Lawmakers did not need much convincing.

"If we want the goose that routinely lays the golden egg in America … we've got to try to provide an environment that will enhance it staying there," said Senate Banking Committee Chairman Phil Gramm. The Texas Republican stressed that the committee's two days of hearings in New York this week are only the beginning. Senate Banking will discuss similar issues at an upcoming meeting in Chicago.

The congressional interest comes amid the long-running bull market, increased investing by individuals, and the proliferation of non-traditional trading networks. These three factors have sparked concerns by securities regulators and industry members over a host of issues including liquidity, competition, and price transparency.

"The question is, as we enter the 21st century, are U.S. markets the most efficient, the most fair, the most able to compete?" asked Sen. Charles Schumer, D-N.Y.

Those are issues the Securities and Exchange Commission is studying. Last week the SEC put out for public comment six proposals for overhauling the securities markets. One would create a nationally linked market that would force all investors' orders to interact, with execution priority given by price and time.

That particular proposal was the subject of much discussion at Tuesday's hearing, where top executives from Charles Schwab & Co., Merrill Lynch & Co., Morgan Stanley Dean Witter & Co., and Goldman, Sachs & Co. testified.

Some brokerage heads and Senate Banking members said they favored a system in which individual markets would co-exist, but would be electronically linked to allow investors access to the best available prices in all markets.

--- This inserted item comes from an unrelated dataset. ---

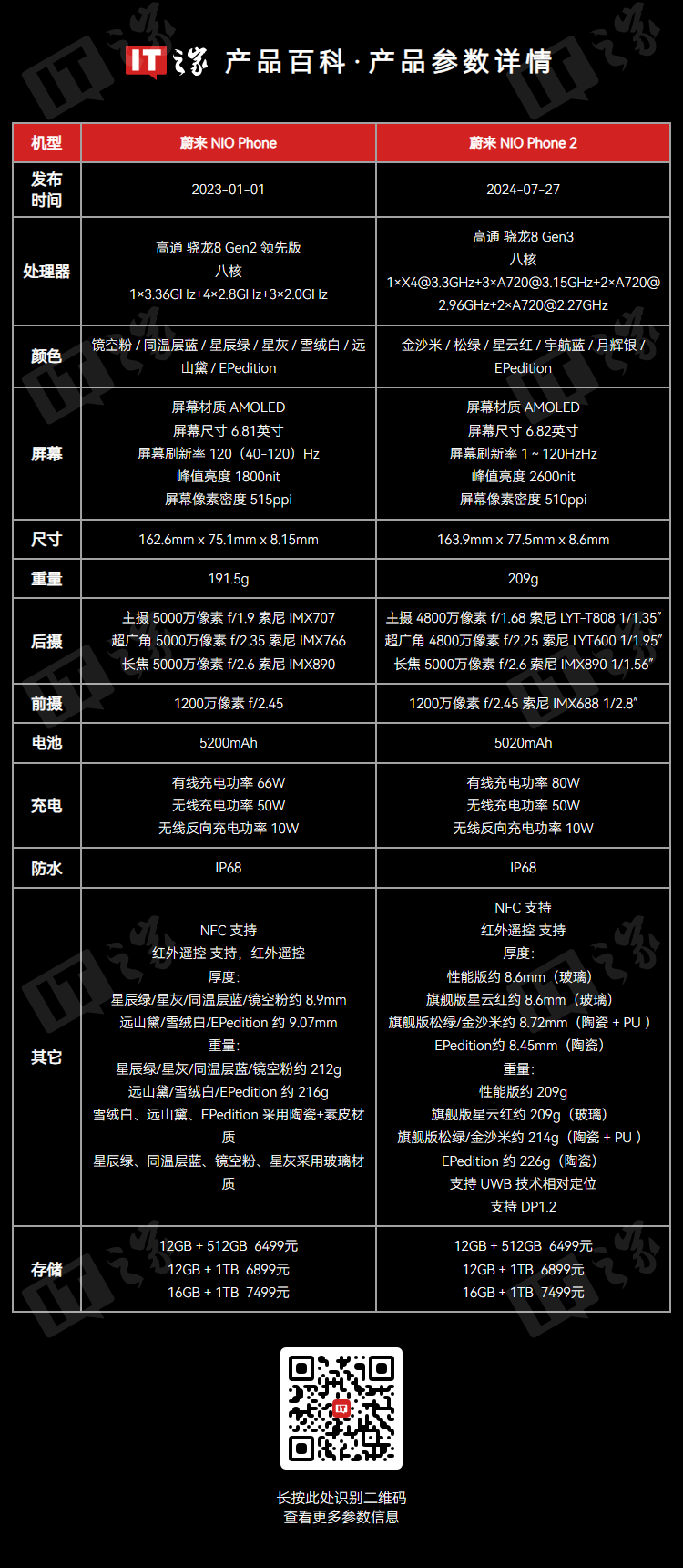 IT之家附蔚来两代 NIO Phone 手机配置表如下: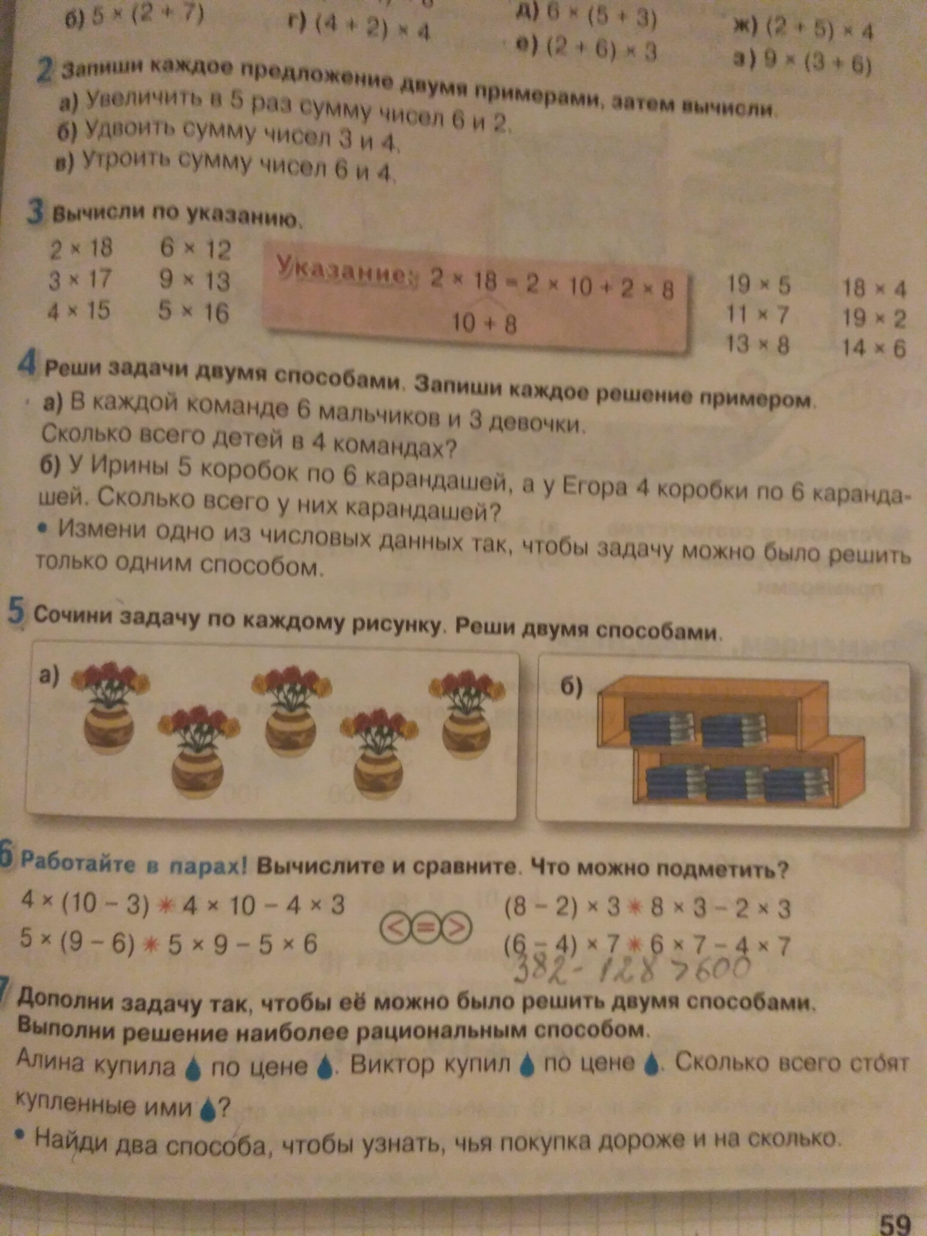 У Ирины 5 коробок по 6 карандашей, а у Егора 4 коробки по 6 карандашей . Сколько всего у них карандашей. Измени одно из числовых данных так, чтобы задачу можно было решить только одним способом .

Such market-wide linkage would promote competition and better prices, and eliminate "fragmented pools of liquidity," said David H. Komansky, chairman and chief executive of Merrill Lynch.

Sen. Schumer said investors would benefit from knowing that they were getting the best price available in all markets, be it the New York Stock Exchange, the Nasdaq, or an electronic communications network. "Sunlight is the great disinfectant," he said.

There was, however, some disagreement over the definition of a centralized market. Sen. Gramm and Charles Schwab, chairman and chief executive of the company that bears his name, were concerned that all orders would be have to be executed on one market, which could stifle competition.

Meanwhile, technology is moving at a rapid pace, making it all the more important for new regulations to be implemented on a timely basis. "Regulation has to catch up [with technology] or we are in danger of losing market preeminence," said Henry M. Paulson Jr., chairman of Goldman, Sachs &Co.